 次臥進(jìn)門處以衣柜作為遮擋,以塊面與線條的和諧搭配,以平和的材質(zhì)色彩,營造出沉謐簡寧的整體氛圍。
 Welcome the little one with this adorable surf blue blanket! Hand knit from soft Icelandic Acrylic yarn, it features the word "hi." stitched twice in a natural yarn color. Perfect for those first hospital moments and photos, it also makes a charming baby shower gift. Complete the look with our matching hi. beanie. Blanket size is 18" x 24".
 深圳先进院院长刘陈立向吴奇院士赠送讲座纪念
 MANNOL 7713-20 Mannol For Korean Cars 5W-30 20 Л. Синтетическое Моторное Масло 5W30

++++++

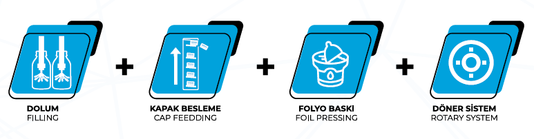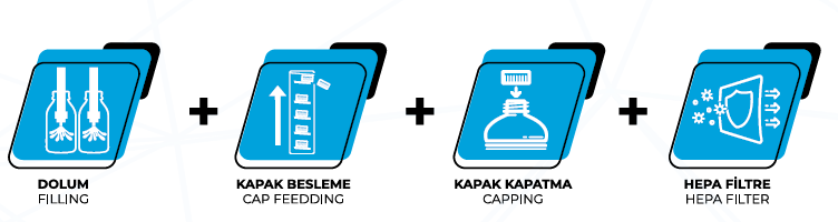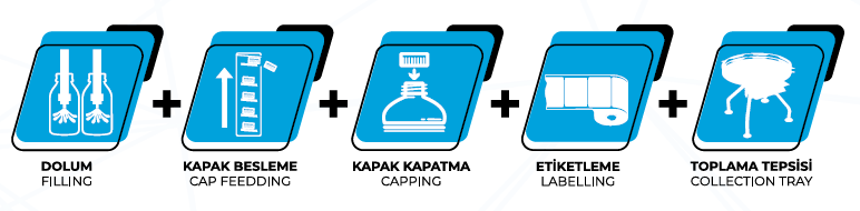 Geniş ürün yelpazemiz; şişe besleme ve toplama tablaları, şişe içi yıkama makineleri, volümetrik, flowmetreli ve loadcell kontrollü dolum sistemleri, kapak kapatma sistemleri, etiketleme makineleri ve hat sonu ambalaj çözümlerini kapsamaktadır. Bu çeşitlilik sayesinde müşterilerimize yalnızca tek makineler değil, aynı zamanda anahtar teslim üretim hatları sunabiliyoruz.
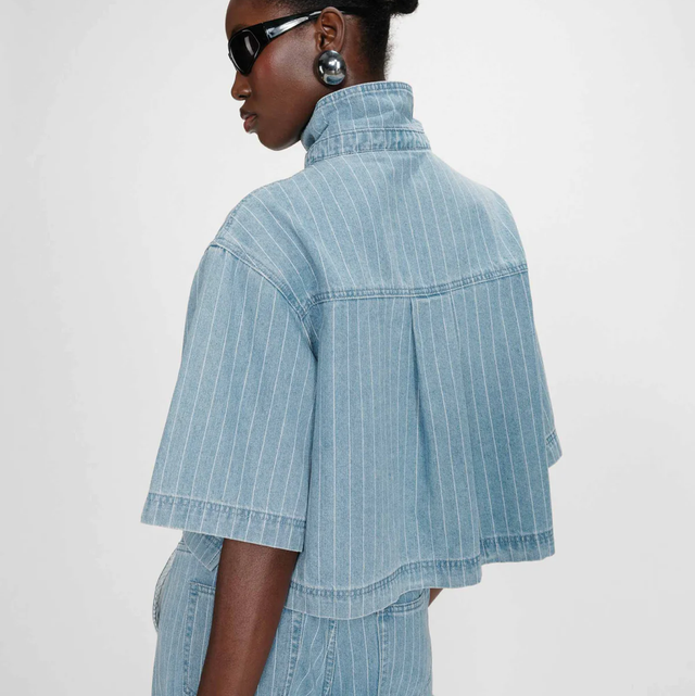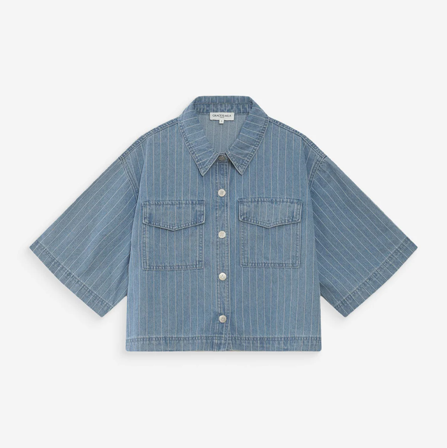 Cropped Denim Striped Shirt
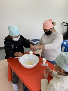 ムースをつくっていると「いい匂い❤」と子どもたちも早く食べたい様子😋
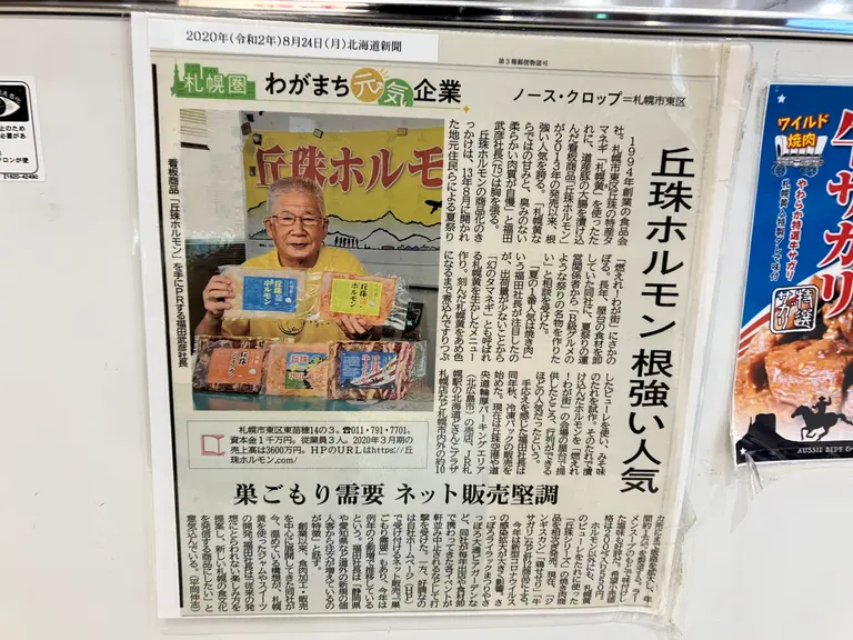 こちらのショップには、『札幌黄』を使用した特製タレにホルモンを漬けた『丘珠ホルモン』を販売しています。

++++++

TASK STATEMENT:
In the listing above, start at the line with "次臥進(jìn)門處以衣柜作", go on through the line with "MANNOL 7713-20 Mannol", and copy each of those lines exactly; leave out all the rest.

ANSWER BOX:
 次臥進(jìn)門處以衣柜作為遮擋,以塊面與線條的和諧搭配,以平和的材質(zhì)色彩,營造出沉謐簡寧的整體氛圍。
 Welcome the little one with this adorable surf blue blanket! Hand knit from soft Icelandic Acrylic yarn, it features the word "hi." stitched twice in a natural yarn color. Perfect for those first hospital moments and photos, it also makes a charming baby shower gift. Complete the look with our matching hi. beanie. Blanket size is 18" x 24".
 深圳先进院院长刘陈立向吴奇院士赠送讲座纪念
 MANNOL 7713-20 Mannol For Korean Cars 5W-30 20 Л. Синтетическое Моторное Масло 5W30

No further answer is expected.